This weekend the movie Kung Fu Panda was on TV. I watched some of it with my kids and with some friends after lunch. It reminded me of the poem Susan Bordo inserts at the beginning of her book, Unbearable Weight: Feminism, Western Culture, and the Body. The poem by Delmore Schwartz, called "The Heavy Bear," explores the relationship between the body and the true self. The poem characterizes the body as an unwanted, heavy, encumbrance with base, animal desires that inhibits expression and cripples relationships.
In Kung Fu Panda, the protagonist--Po--is an overweight Panda Bear who
is accidentally named the "Dragon Warrior," a legendary fighter who
would bring peace to the land (and the heart of a kung fu teacher). He initially fails in his efforts to learn martial arts and to embody the legend foretold about him (supposedly). He works for his father, a noodle restaurant owner, and struggles with his weight.
Po begins his training in earnest, but loses heart as his peers and teachers doubt his potential. Po is overweight, slow, uncoordinated, and untrained. In an emotionally charged scene (for an animated movie) with his teacher, the teacher asks Po why he hasn't left the school/palace. Po responds by saying that anything was better than returning to what he was before, an unhappy, overweight, restaurant waiter. Susan Bordo's explanation of the historical "construction of the body as something apart from the true self and as undermining the best efforts of that self" ring true for Po in that moment. Since his youth he had dreamed of being a hero and a master of the art of Kung Fu, but his body, his very species--he is continually questioned about being a fighting panda--prohibits this expression of his true self. Humorously enough, the teacher realizes that Po just needs the proper motivation (food) in order to make his training more successful. In one of those motivational training sequences put to music in fighting films, Po completes his training, developing his own style that makes use of his mass, his belly, and his proclivity for stuffing his face with food. And in the end, he does become a hero who masters his body, accepting it and learning to use its attributes for him instead of letting them work against him.

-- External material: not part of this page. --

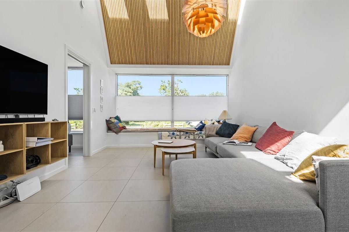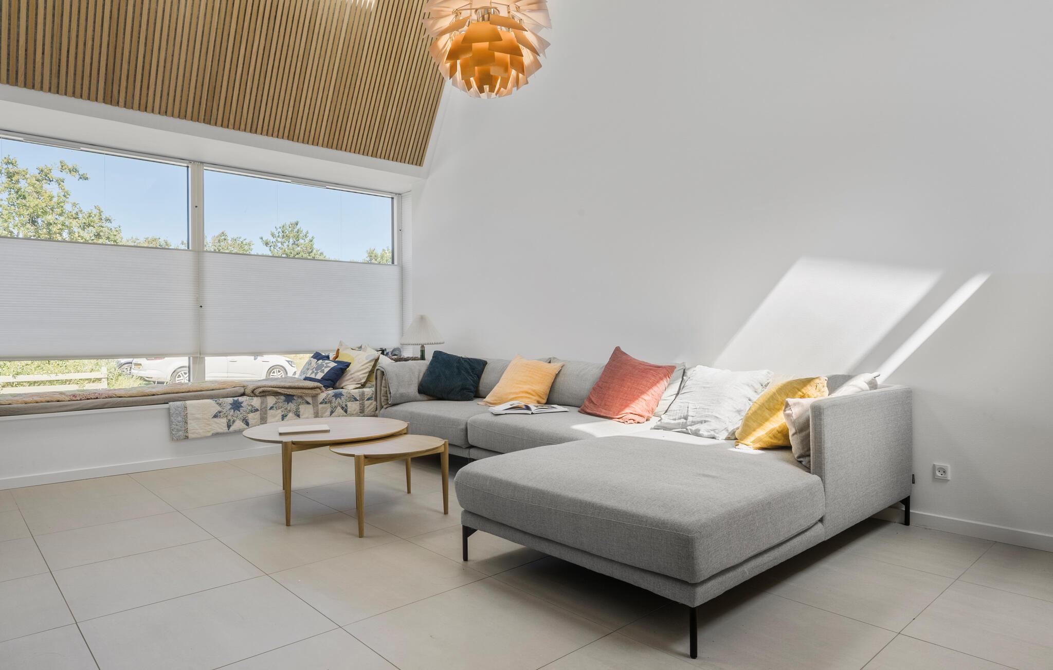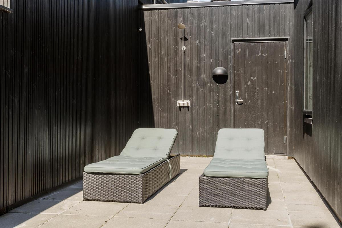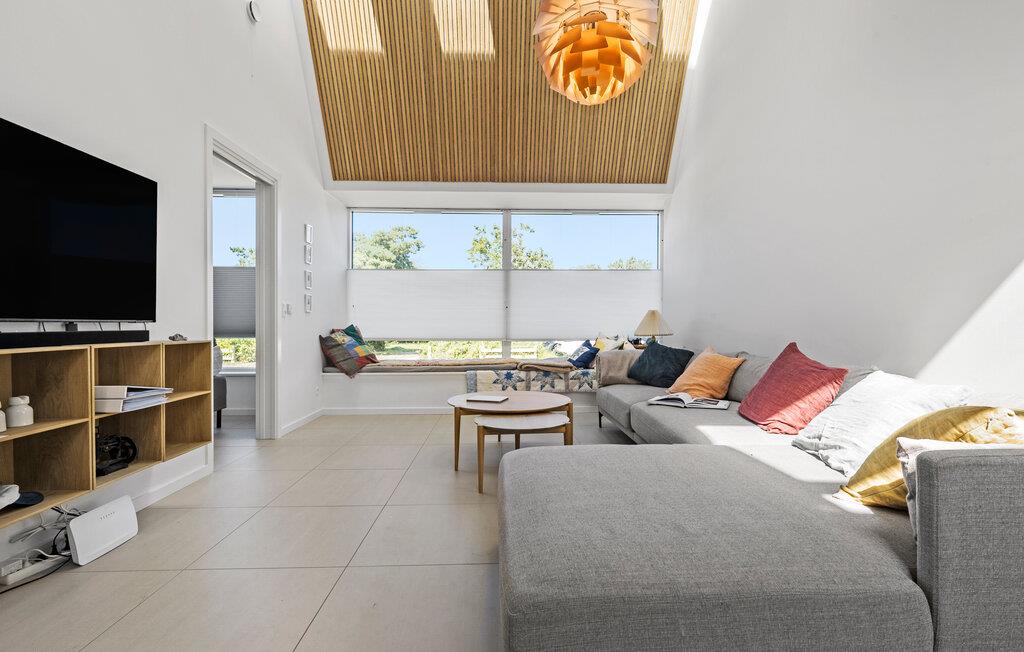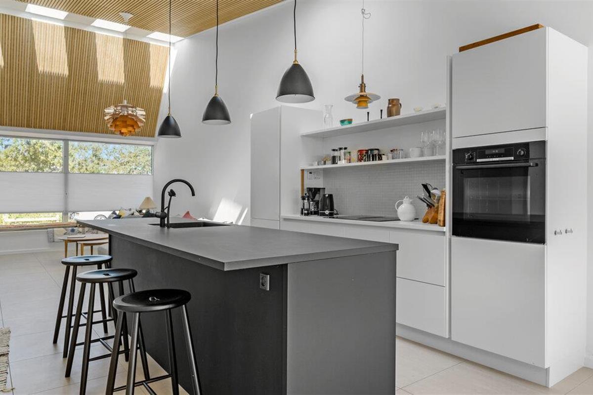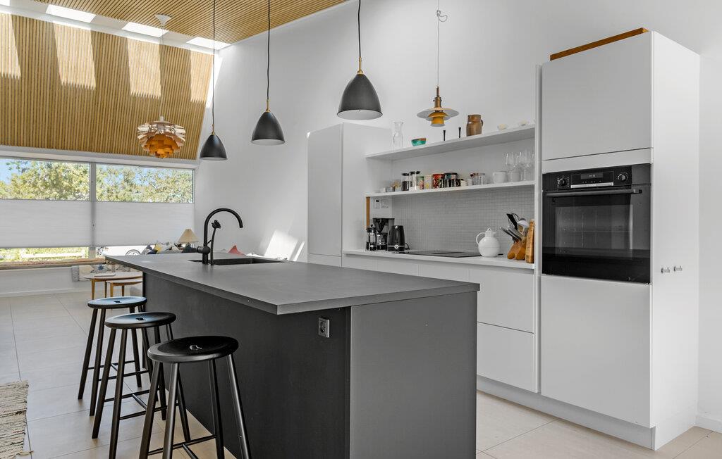 Beleef een heerlijke vakantie op Gilleleje Strand in dit moderne vakantiehuis. Het huis is een echt juweeltje dat indruk maakt met zijn open en lichte ontwerp. De ruime woonkamer met hoge plafonds en grote ramen laat veel natuurlijk licht binnen en creëert een uitnodigende, ontspannen sfeer. Je kunt ontspannen op de comfortabele banken na een dag op het strand. De goed uitgeruste keuken nodigt uit om samen te koken en te genieten van gezellige maaltijden. Het eetgedeelte is naadloos geïntegreerd in het woongedeelte, waardoor een open en communicatieve sfeer ontstaat. Op warme dagen kun je ook genieten van je maaltijden op het beschutte terras, dat direct grenst aan de woonkamer en is uitgerust met comfortabel tuinmeubilair en een barbecue.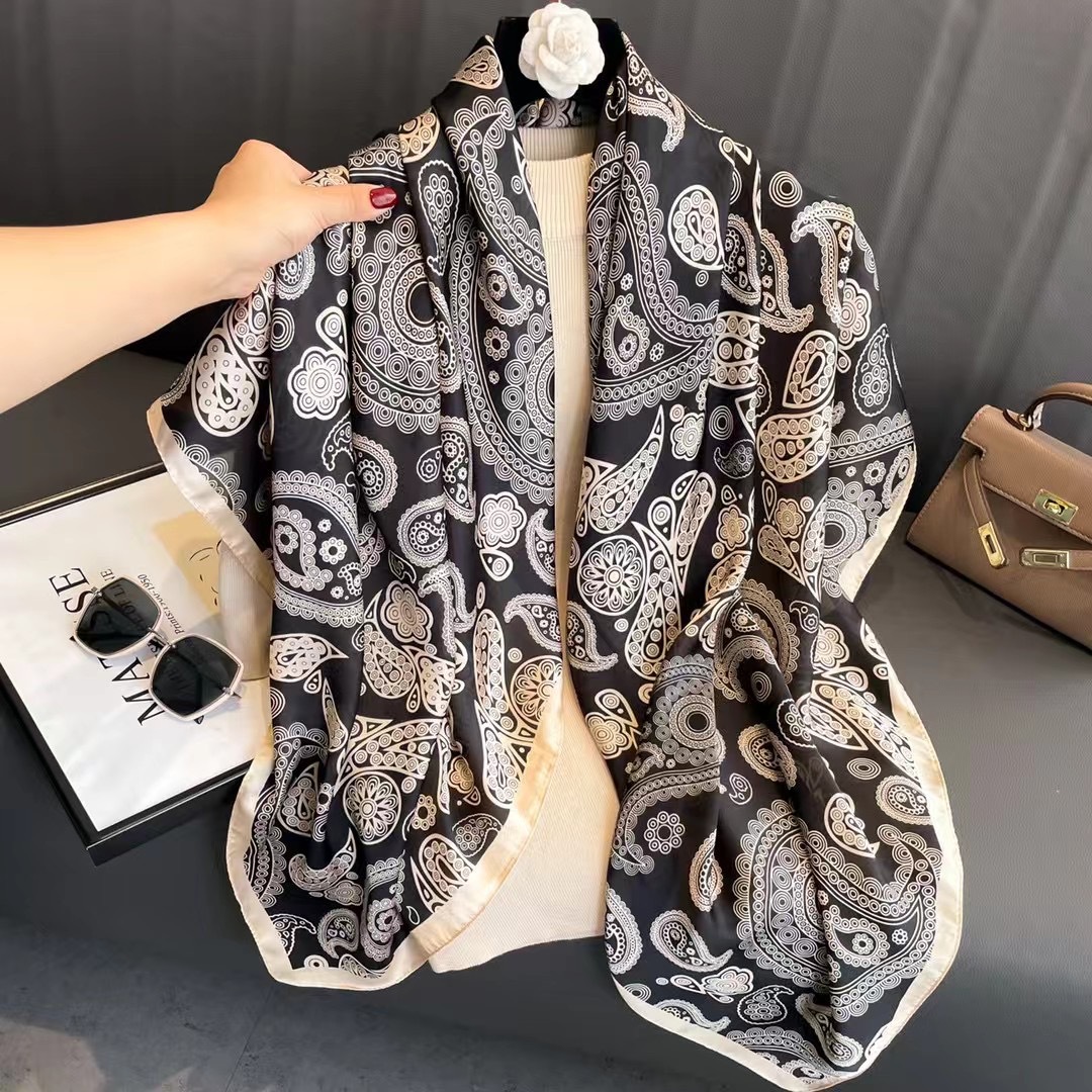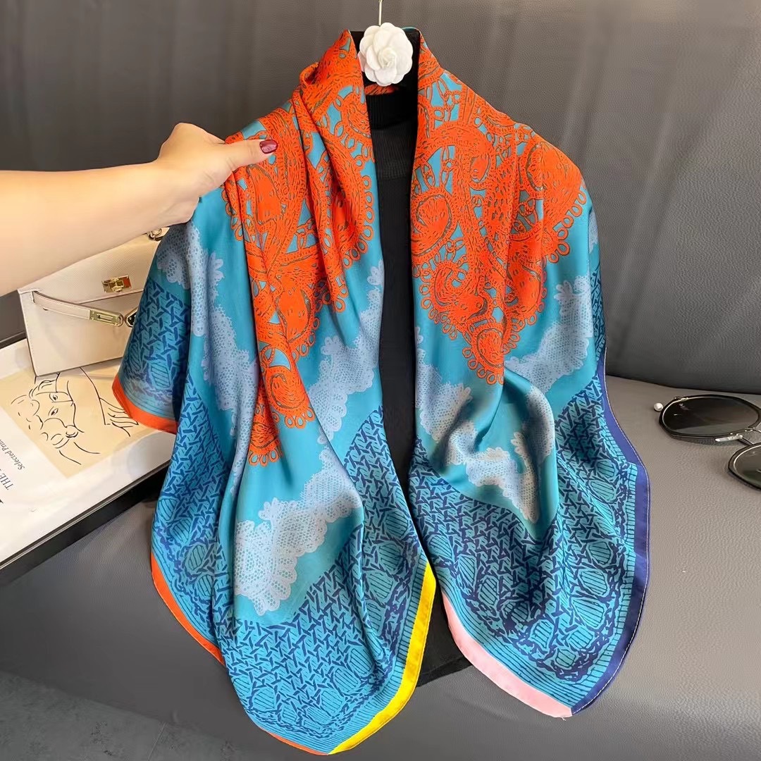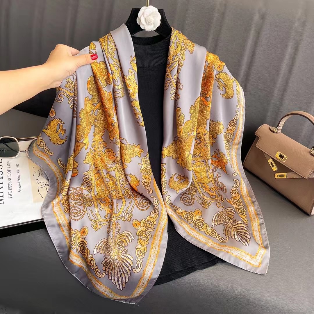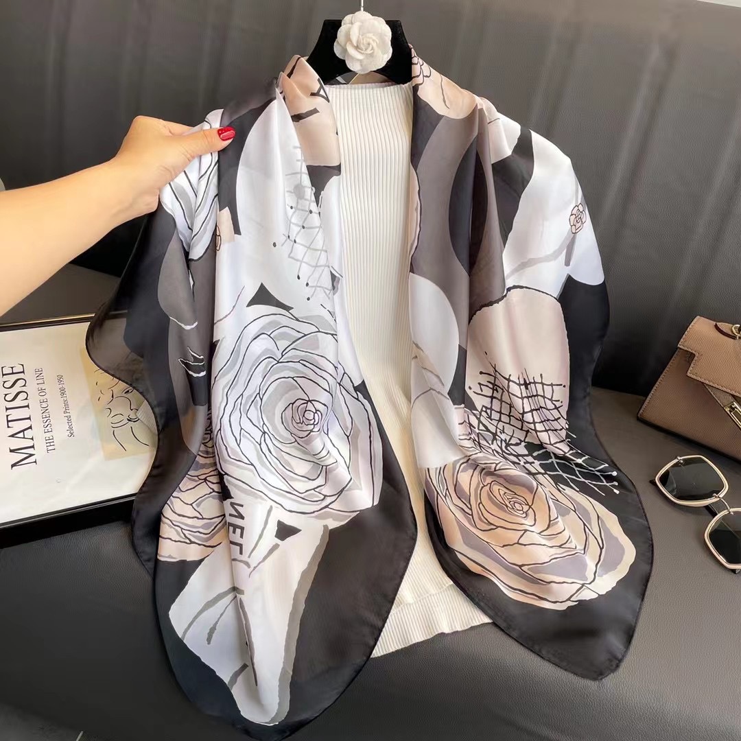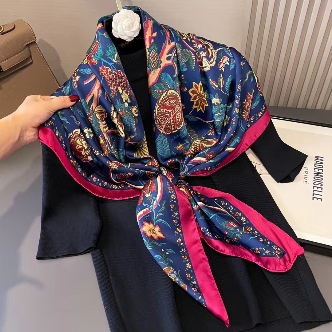 새로운 모조 실크 스카프 여성 110cm 사각 다용도 인쇄 스카프 장식 자외선 차단제 기질 목도리 도매

I doubt this story would work very well for a woman, however. The pressure of society and media to remain slender, especially for women, ensure that roles like these in movies are by-and-large filled by men. Bordo notes society's expectations of the active/passive dichotomy within gender: males are active and striving; women are passive, waiting for men to act. While we have many examples in media of women being proactive and independent protagonists; it seems a minority of women do so by embracing overweight or heavy bodies. Bordo states, "representations of men and women eating . . . exhibit a dualistic pedagogy instructing women and men in very different attitudes toward the 'heavy bear' and its hungers: women's appetites require containment and control, whereas male indulgence is legitimated and encouraged."